> _Exercise description_
Every entry should be reproduced precisely, with each picture left out.

*** Extracted information Section Begins ***

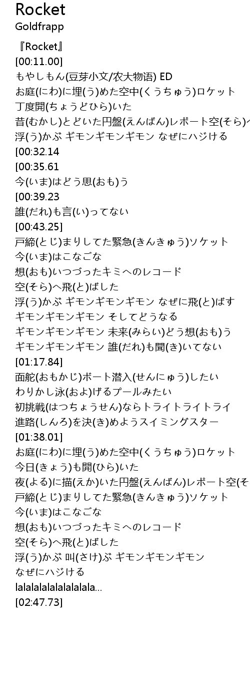 | [02:09.35] | 夜(よる)に描(えか)いた円盤(えんばん)レポート空(そら)ではじけた |
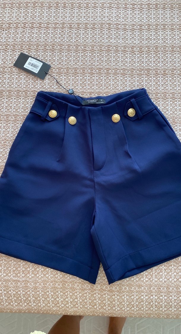 Düğmeli detaylara sahip parlak mavi yüksek bel kadın şort, düz ve rahat kesim, yumuşak sentetik kumaştan üretilmiştir.
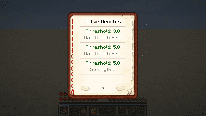 Once your diversity reaches certain (configurable) thresholds, you can gain various benefits, from attribute increases to potion effects (all configurable)
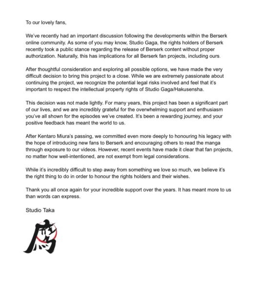 โดยทางกลุ่ม Studio Taka ที่เป็นกลุ่มแฟน ๆ ของเรื่อง Berserk ได้ประกาศยกเลิกโปรเจกต์ Berserk Motion Comic ซึ่งเป็นอนิเมชั่นสไตล์มังงะแล้วหลังจากที่ทางเจ้าของลิขสิทธิ์ออกมาเตือน Studio Eclypse เพราะหลังจากที่ทบทวนแล้ว อาจเสี่ยงถูกดำเนินคดีได้ ขณะเดียวกันทางกลุ่มก็จะเคารพในลิขสิทธิ์และความประสงค์ของ Studio Gaga/Hakusensha ด้วย
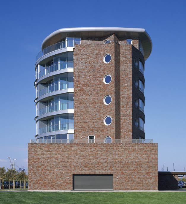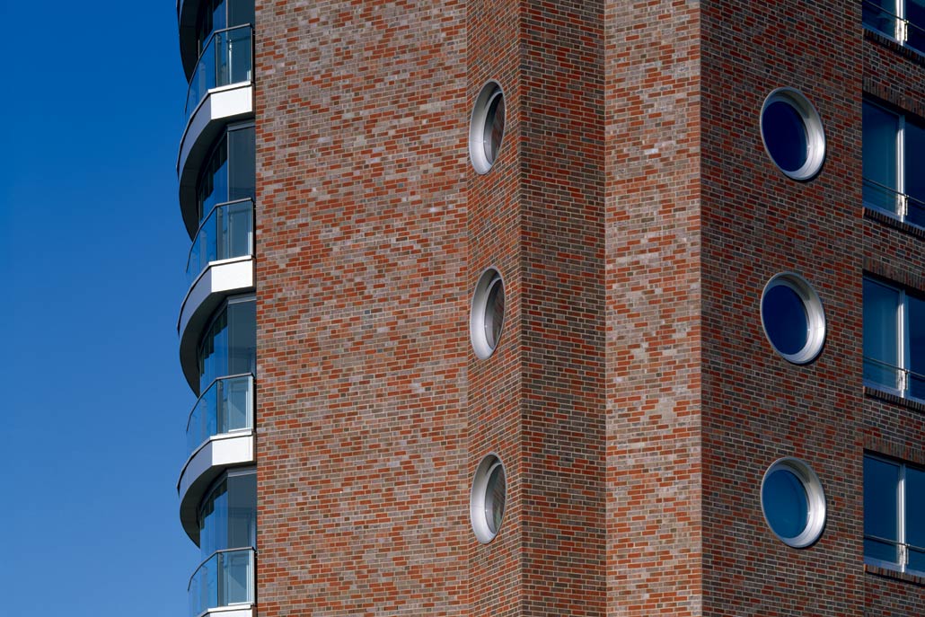 С эксклюзивным архитектурным клинкером Brick-Design® от компании Röben архитектор получил фасад, отражающий часто меняющиеся погодные условия на побережье. Красный и коричнево-голубой клинкер, иногда с пламенным оттенком, даже в серые дни придает зданию ослепительный блеск.

*** Extracted information Section Ends ***

> _Solution for this problem_
 | [02:09.35] | 夜(よる)に描(えか)いた円盤(えんばん)レポート空(そら)ではじけた |
 Düğmeli detaylara sahip parlak mavi yüksek bel kadın şort, düz ve rahat kesim, yumuşak sentetik kumaştan üretilmiştir.
 Once your diversity reaches certain (configurable) thresholds, you can gain various benefits, from attribute increases to potion effects (all configurable)
 โดยทางกลุ่ม Studio Taka ที่เป็นกลุ่มแฟน ๆ ของเรื่อง Berserk ได้ประกาศยกเลิกโปรเจกต์ Berserk Motion Comic ซึ่งเป็นอนิเมชั่นสไตล์มังงะแล้วหลังจากที่ทางเจ้าของลิขสิทธิ์ออกมาเตือน Studio Eclypse เพราะหลังจากที่ทบทวนแล้ว อาจเสี่ยงถูกดำเนินคดีได้ ขณะเดียวกันทางกลุ่มก็จะเคารพในลิขสิทธิ์และความประสงค์ของ Studio Gaga/Hakusensha ด้วย
 С эксклюзивным архитектурным клинкером Brick-Design® от компании Röben архитектор получил фасад, отражающий часто меняющиеся погодные условия на побережье. Красный и коричнево-голубой клинкер, иногда с пламенным оттенком, даже в серые дни придает зданию ослепительный блеск.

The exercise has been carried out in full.